You'll get a kidney stone before you get fat from BCAAs. Theoretically you could convert BCAAs back to fat but it's thermogenically inefficient and as I stated above, you'd probably get a kidney stone first.
As for protein in general, you can most certainly eat too much of it, and many experienced bodybuilders make this mistake. Just because it's good for you doesn't mean it's a free for all. Portion sizes are the name of the game![]()
So for a newbie here...what's the recommended dose/portion for protein?
So too much protein can cause kidney stones?
Amino acids/protein can be converted into glucose by the liver which can be converted into bodyfat, however there are quite a few steps involved for all of this to happen. The real question becomes, are you eating only protein? Any excess calories will most likely be stored as bodyfat. For example if your TDEE is 3000 calories for a day and you are eating 250g protein, 250g of carbs,112g of fat a day (33/33/33 ratio on 3000 calories) your weight will stay roughly the same. However if you add another 250g of protein to that for a 1000 calorie a day surplus even if none of the protein itself ends up being converted to bodyfat, you are now eating a surplus of 1000 calories... and 2000 calories of your diet is in the form of dietary carbs and fat (1000 of which is surplus)... you can expect to gain some body fat accordingly. You cannot survive on a 100% protein diet... but even if you cut down to the minimums, and cut out all dietary carbs, and ate only 10% of yoru calories in a nice balance of n-3 and n-6 fats so that you are eating EFA's. still as much as 40% of your protein (amino acids) can convert to glucose which can easily convert to bodyfat... so it is still possible to gain fair amounts of bodyfat this way if on a large caloric surplus.
Any questions?
Here's a question. As I understand it fats are triglycerides, protein is made up of amino acids and carbs are polysaccharides. They all have distinctly different molecular structures. How can protein/amino acids or carbs/polysaccharides convert into fats/triglycerides? Surely that'd be like turning water into wine?
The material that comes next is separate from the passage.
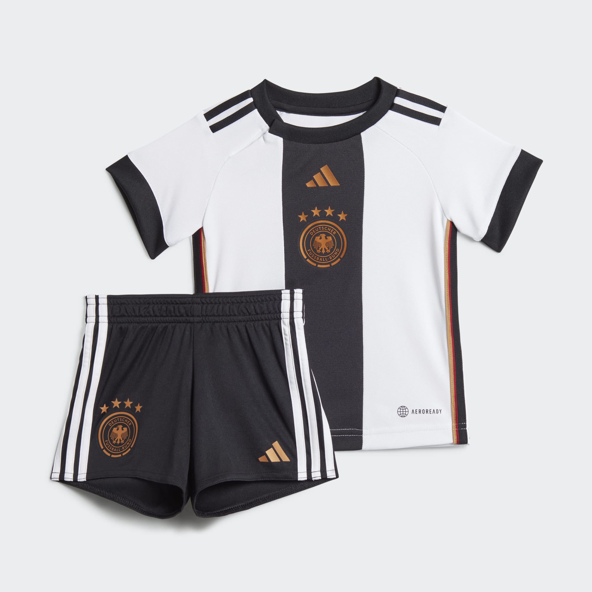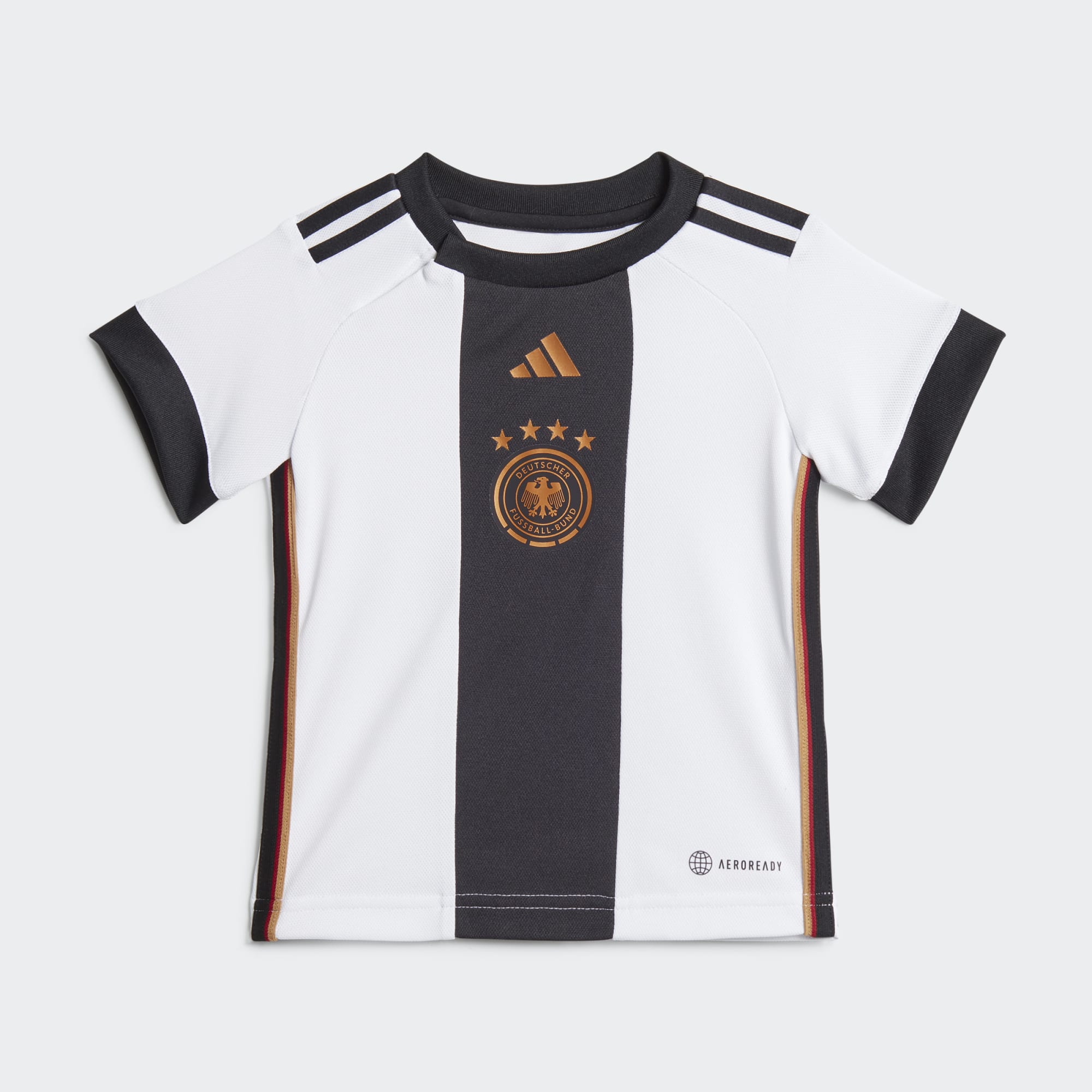 Zestaw podstawowy reprezentacji Niemiec dla małych kibiców, wykonany z materiałów pochodzących z recyklingu.

Or lead into gold?
Or is it that they're simply stored IN fat cells even though they're not actually fats?
Are you wanting an actual breakdown of the chemistry? Do you have a chemistry background? If not the details might be wasted... a simple google search should answer the question in layman's terms.
Your basic assumptions are incorrect also:
Actually sugars and particularly fructose are converted to blood triglycerides by the liver.
Dietary fat starts as a triglyceride but cannot pass through the intestinal lining in that form and is broken down into a glycerol backing and free fatty acids during the digestion process prior to entering the blood stream.
Surplus protein is converted to glucose by the liver... excess glucose (the form dietary carbs end up as once digested) are stored in the fat cells and converted to fatty acids.
Feel free to google all the biochemistry you like if you want to understand the various processes involved.